A reusable and mediator-free cholesterol biosensor based on cholesterol oxidase (ChOx) was fabricated based on self-assembled monolayer (SAM) of thioglycolic acid (TGA) (covalent enzyme immobilization by dropping method) using bio-chips. Cholesterol was detected with modified bio-chip (Gold/Thioglycolic-acid/Cholesterol-oxidase i.e., Au/TGA/ChOx) by reliable cyclic voltammetric (CV) technique at room conditions. The Au/TGA/ChOx modified bio-chip sensor demonstrates good linearity (1.0 nM to 1.0 mM; R = 0.9935), low-detection limit (∼0.42 nM, SNR∼3), and higher sensitivity (∼74.3 µAµM−1cm−2), lowest-small sample volume (50.0 μL), good stability, and reproducibility. To the best of our knowledge, this is the first statement with a very high sensitivity, low-detection limit, and low-sample volumes are required for cholesterol biosensor using Au/TGA/ChOx-chips assembly.
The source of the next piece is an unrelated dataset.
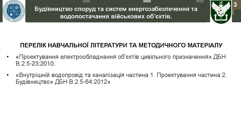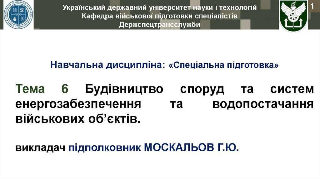 Український державний університет науки і технологійКафедра військової підготовки спеціалістів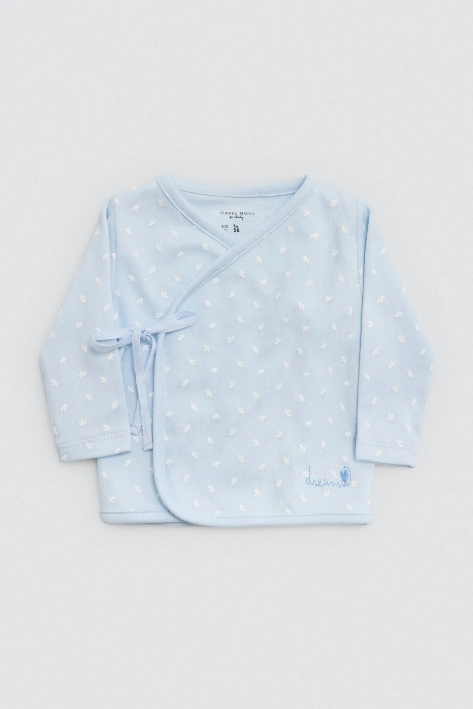 Conjunto completo para la primera puesta del bebé niño. Compuesto por 4 piezas: camiseta cruzada, polaina, gorro con nudo y manoplas. Fabricado en algodón natural, ideal para los primeros días por su suavidad y calidez.

The result of this facile approach was investigated for the biomedical applications for real samples at room conditions with significant assembly (Au/TGA/ChOx) towards the development of selected cholesterol biosensors, which can offer analytical access to a large group of enzymes for wide range of biomedical applications in health-care fields.

Highlights

  • Development of cholesterol biosensors in therapeutic diagnostics has gained much attention in health care and biomedical fields

  • It is used for covalent bond formation to immobilize the cholesterol oxidase (ChOx) enzyme on the thioglycolic acid (TGA)-selfassembled monolayer (SAM) via peptide conjugation in presence of activating agent (EDC)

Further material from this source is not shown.